Transformed Density Rejection (TDR)#

  • Required: T-concave PDF, dPDF

  • Optional: mode, center

  • Speed:

    • Set-up: slow

    • Sampling: fast

TDR is an acceptance/rejection method that uses the concavity of a transformed density to construct hat function and squeezes automatically. Such PDFs are called T-concave. Currently the following transformations are implemented:

\[\begin{split}c = 0.: T(x) &= \log(x)\\ c = -0.5: T(x) &= \frac{1}{\sqrt{x}} \text{ (Default)}\end{split}\]

In addition to the PDF, it also requires the derivative of the PDF w.r.t x (i.e. the variate). These functions must be present as methods of a python object which can then be passed to the generators to instantiate their object. The variant that is implemented uses squeezes proportional to hat function ([1]).
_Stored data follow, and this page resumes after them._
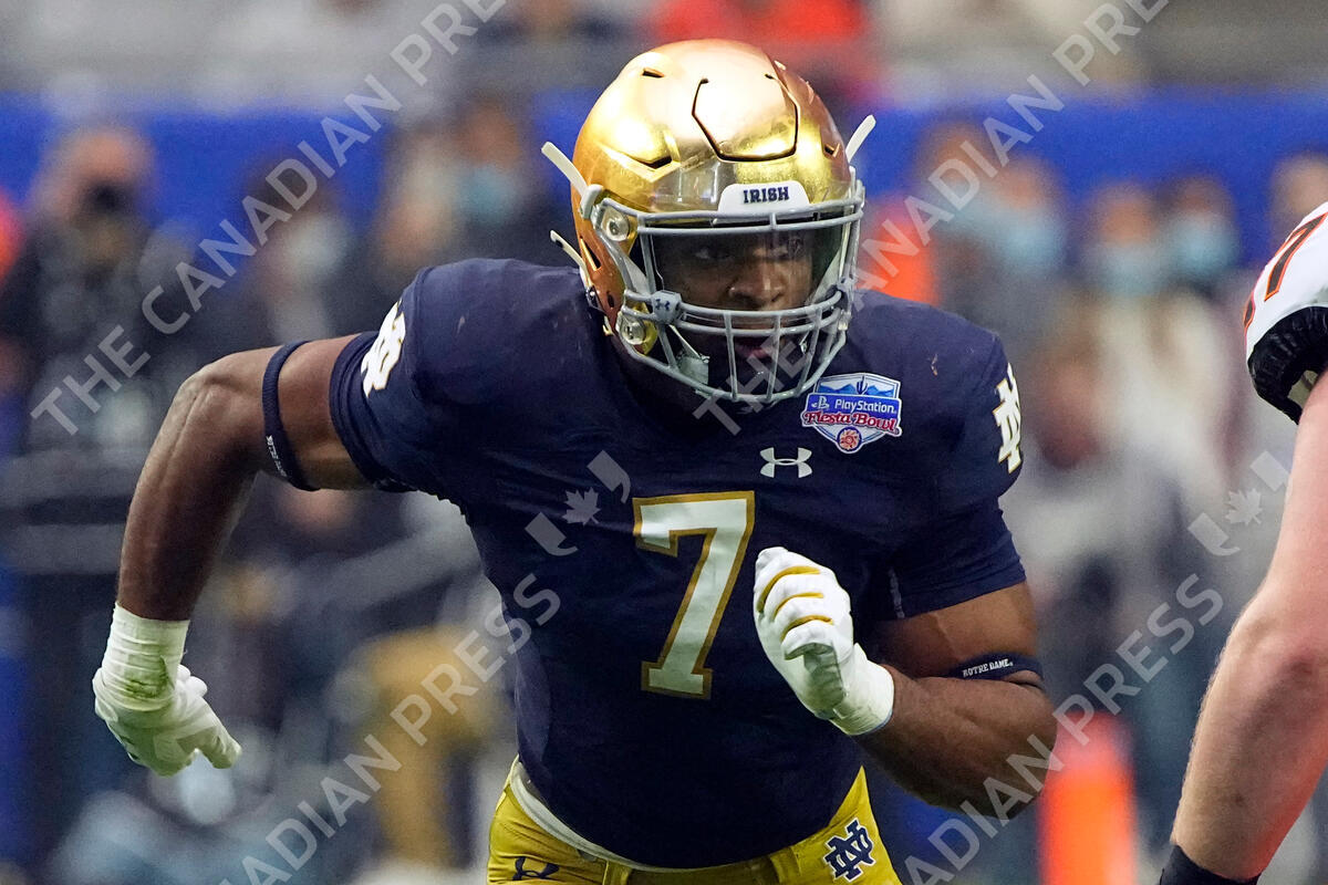 FILE - Notre Dame defensive lineman Isaiah Foskey (7) plays during the second half of the Fiesta Bowl NCAA college football game against Oklahoma State, Saturday, Jan. 1, 2022, in Glendale, Ariz. Foskey was named to the Associated Press preseason All-America team, Monday, Aug. 22, 2022. (AP Photo/Rick Scuteri, File)
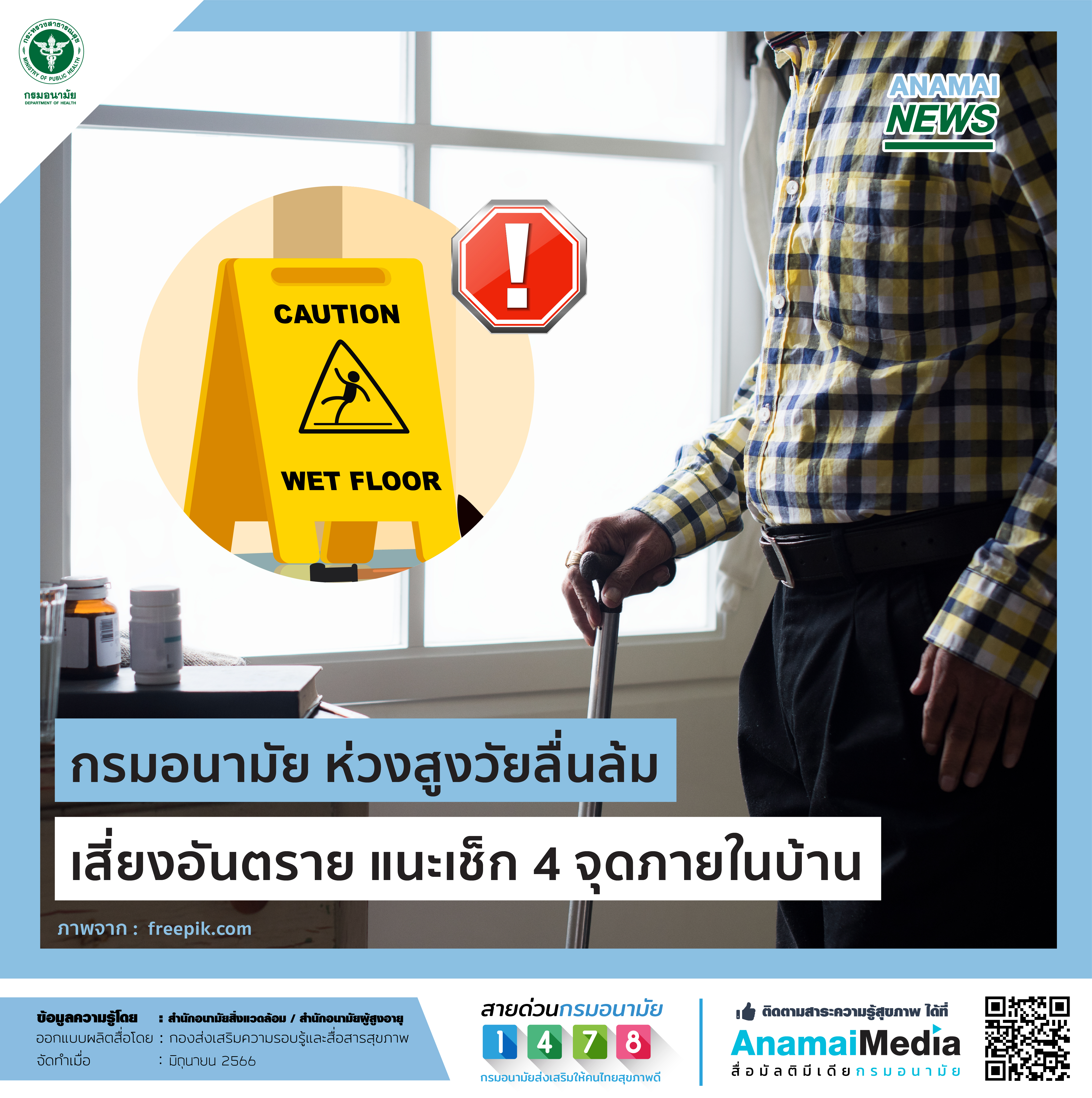 นายแพทย์สุวรรณชัย วัฒนายิ่งเจริญชัย อธิบดีกรมอนามัย กล่าวว่า การหกล้มเป็นอุบัติเหตุที่เกิดขึ้นบ่อยในผู้สูงอายุโดยเฉพาะช่วงหน้าฝน ส่งผลให้ผู้สูงอายุบาดเจ็บ ทุพพลภาพ หรืออาจถึงขั้นเสียชีวิต เนื่องจากผู้สูงอายุเป็นช่วงวัยที่มีความเสื่อมถอยของสภาพร่างกาย รวมทั้งผู้สูงอายุอาจมีโรคประจำตัว เช่น โรคเบาหวาน ความดันโลหิตสูง ที่เมื่อหกล้มแล้วจะเกิดอันตรายเพิ่มขึ้นได้ กรมอนามัยจึงขอให้ครอบครัวที่มีผู้อายุอยู่ภายในบ้านควรจัดการสภาพแวดล้อมรอบตัวผู้สูงอายุให้สะอาดปลอดภัยได้ และเอื้อต่อการดำเนินชีวิตประจำวัน รวมทั้งตรวจสอบ 4 จุดสำคัญภายในบ้าน คือ 1) พื้นบ้าน พื้นบ้านที่ลื่น ด้วยสาเหตุเพราะเปียกน้ำ หรือพื้นมันวาว เป็นอุบัติเหตุส่วนใหญ่ของผู้สูงอายุ ดังนั้นจึงควรเลือกพื้นกระเบื้องเรียบ ที่ไม่ลื่น ไม่มันวาว มีความหนืด เพื่อป้องกันการหกล้มรวมทั้งเมื่อฝนตก หรือมีน้ำหกบริเวณพื้นบ้าน อย่าปล่อยทิ้งไว้เด็ดขาด ให้รีบหาผ้ามาเช็ดทำความสะอาดให้แห้งทันที ระวังพื้นบ้านต่างระดับ และควรจัดวางของให้เป็นระเบียบ เพื่อให้ผู้สูงอายุไม่สะดุดและเดินได้สะดวก 2) พื้นห้องครัว ห้องครัวเป็นบริเวณบ้านที่ผู้สูงอายุจะเข้าไปบ่อย เพราะเป็นพื้นที่สำหรับประกอบอาหาร ทำให้พื้นกระเบื้องมีความมันและเสี่ยงต่อการลื่นล้มได้ง่าย จึงควรหมั่นทำความสะอาดคราบมันบริเวณพื้นกระเบื้องให้สะอาด ที่สำคัญควรเก็บของมีคมให้อยู่ในที่ปลอดภัย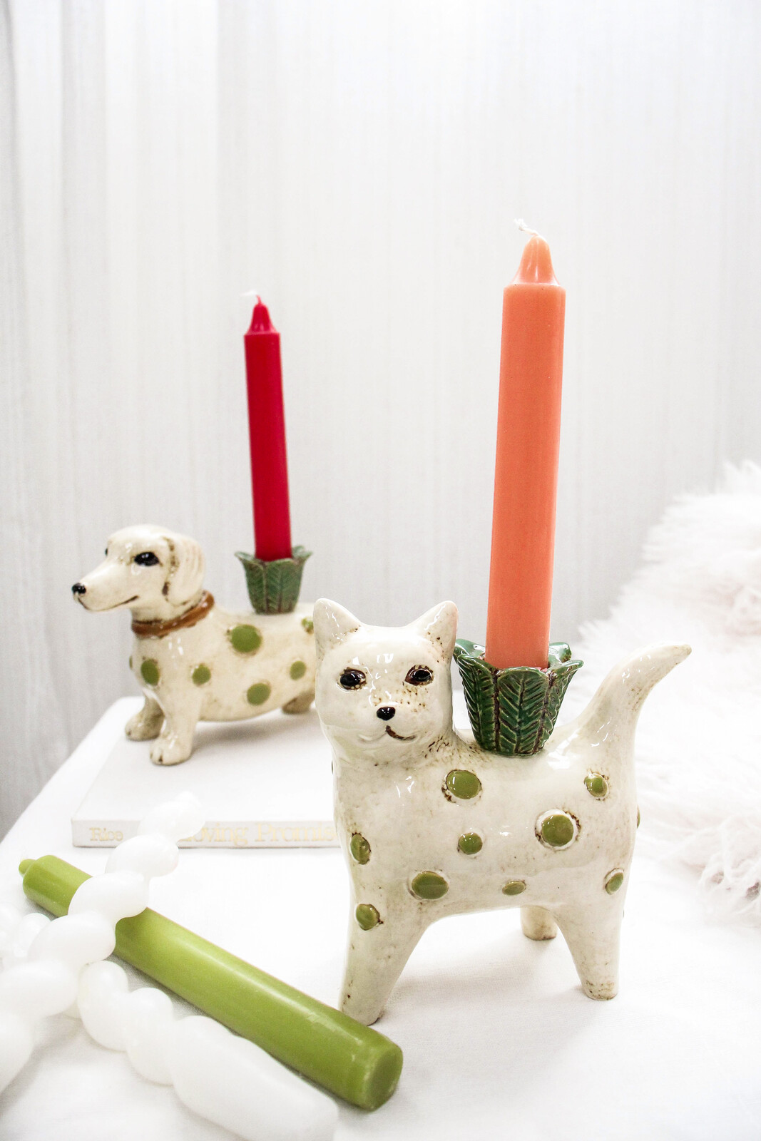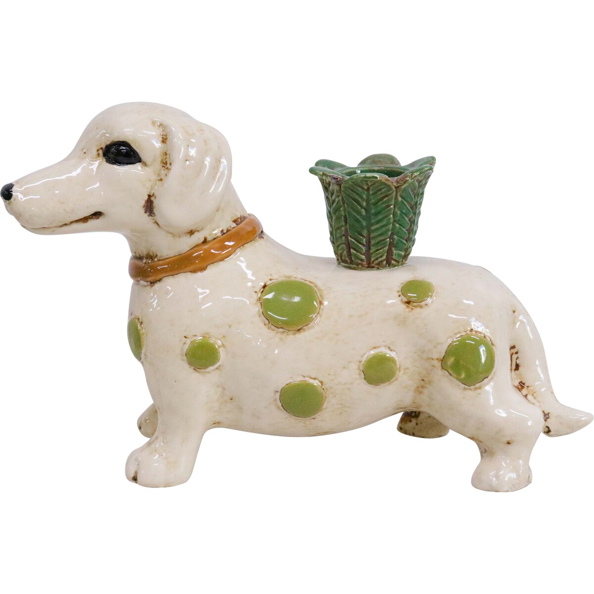 Quirky. A bit cheeky. And a seriously delightful talking point for home decor or gift shops, our Dachshund Candle Holder adds the kind of charm to a display that really gets customers grinning. The hand-finished ceramic body is sculpted into an unmistakable dachshund silhouette and the 20x17x13cm shape is chunky without being too cartoonish. The green polka dots and leafy candle cup on the back take it into conversation-starter territory - and the glaze creates little variations that let you reassure shoppers theirs will never be quite the same as anyone else’s. It’s just the right size for a dinner candle (tapered, not pillar - gotta clarify for finicky shoppers). We can see it going in modern lounges as much as mid-century inspired dining rooms, and yes - that shop dog Instagram content writes itself. They look great in a group too.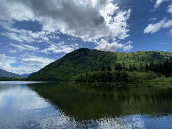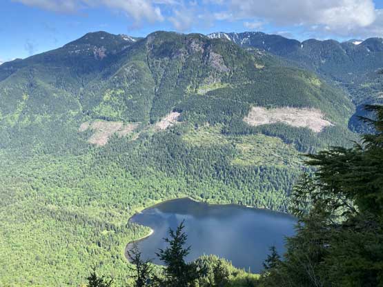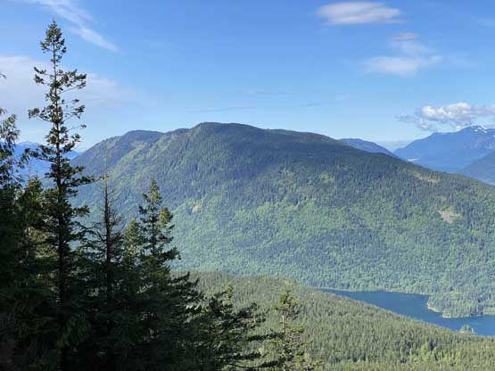 I noticed some dark clouds building up (thunderstorms in the forecast) so quickly packed up the gears and started the descent. I retraced my route down the upper ridge then veered down-climber’s right in hope to avoid the worst of the bushwhack. Indeed, I picked a much better line on the descent so that the bushwhacking never got worse than “BW3”. There were some devil’s clubs on the lower parts but those were easily avoidable. I almost decided to just fuck it and go for Mt. Hicks since I was already there, but then I checked the time and decided to head down. I had work in the afternoon and I didn’t want to risk being late. It was already past noon at this point and I knew the traffic could not be too easy in the rush hour. I drove to the shore of Deer Lake after the hike but it wasn’t very worthy.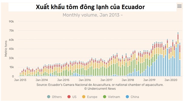 Ecuador cũng XK 11.285 tấn tôm sang EU trong tháng 6, tăng 53% so với tháng 5. XK sang Trung Quốc giảm gần 50% trong tháng 6 với 27.081 tấn.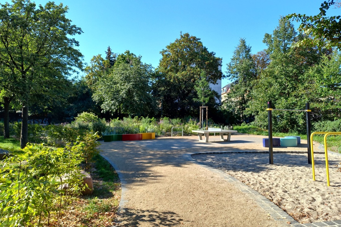 Im Norden ergänzt eine Doppelschaukel das Angebot. Anstelle der „Nautilus“-Konstruktion entstand ein gepflasterter Aufenthaltsbereich mit Großbaum als Schattenspender. Weitere Sitzgelegenheiten mit Blickbezug zur Taborkirche wurden im Süden angeordnet. Umfangreiche Stauden-, Gräser- und Strauchpflanzungen verleihen dem Platz einen parkähnlichen Charakter und erhöhen Aufenthaltsqualität sowie Artenvielfalt. Findlinge wurden neu integriert, der Baumbestand vollständig erhalten und durch Neupflanzungen ergänzt; Wegeführungen orientieren sich am Bestand, untergeordnete Wege entfallen.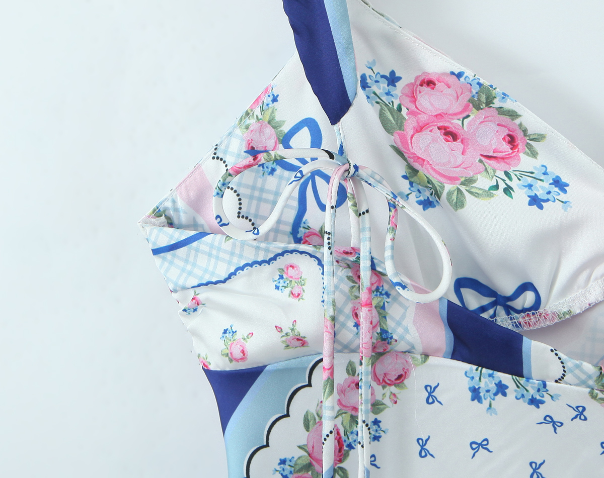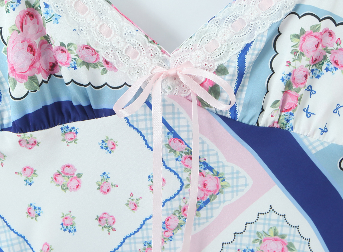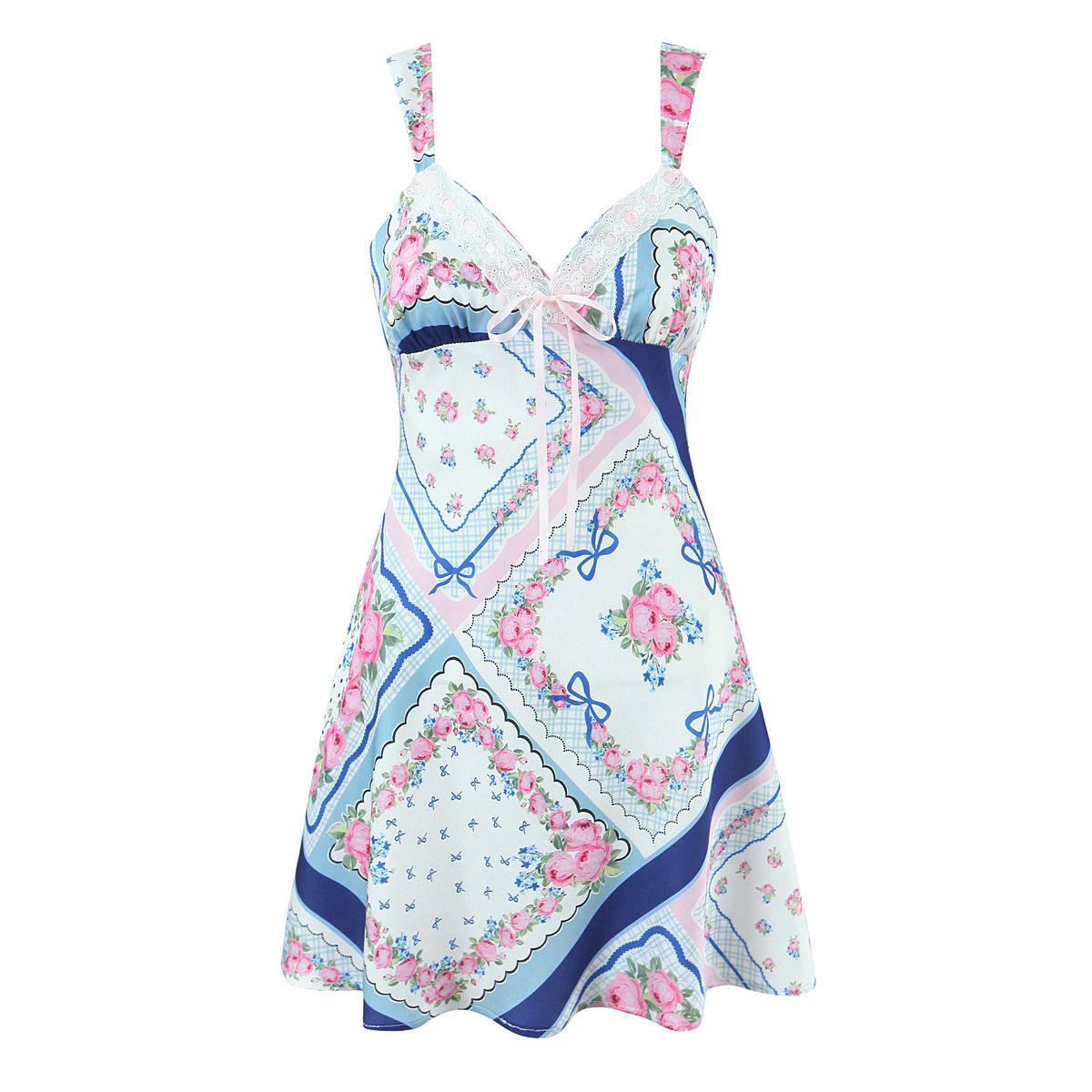 French Romantic Printed Satin Mini Strap Dress Women Bow A line Dress

An example of using this method is shown below:

>>> from scipy.stats.sampling import TransformedDensityRejection
>>> from scipy.stats import norm
>>>
>>> class StandardNormal:
...     def pdf(self, x):
...         # note that the normalization constant is not required
...         return np.exp(-0.5 * x*x)
...     def dpdf(self, x):
...         return -x * np.exp(-0.5 * x*x)
...
>>> dist = StandardNormal()
>>>
>>> urng = np.random.default_rng()
>>> rng = TransformedDensityRejection(dist, random_state=urng)
>>> rng.rvs()
-1.526829048388144

In the above example, we have used the TDR method to sample from the standard normal distribution. Note that we can drop the normalization constant while computing the PDF. This usually helps speed up the sampling stage. Also, note that the PDF doesn’t need to be vectorized. It should accept and return a scalar.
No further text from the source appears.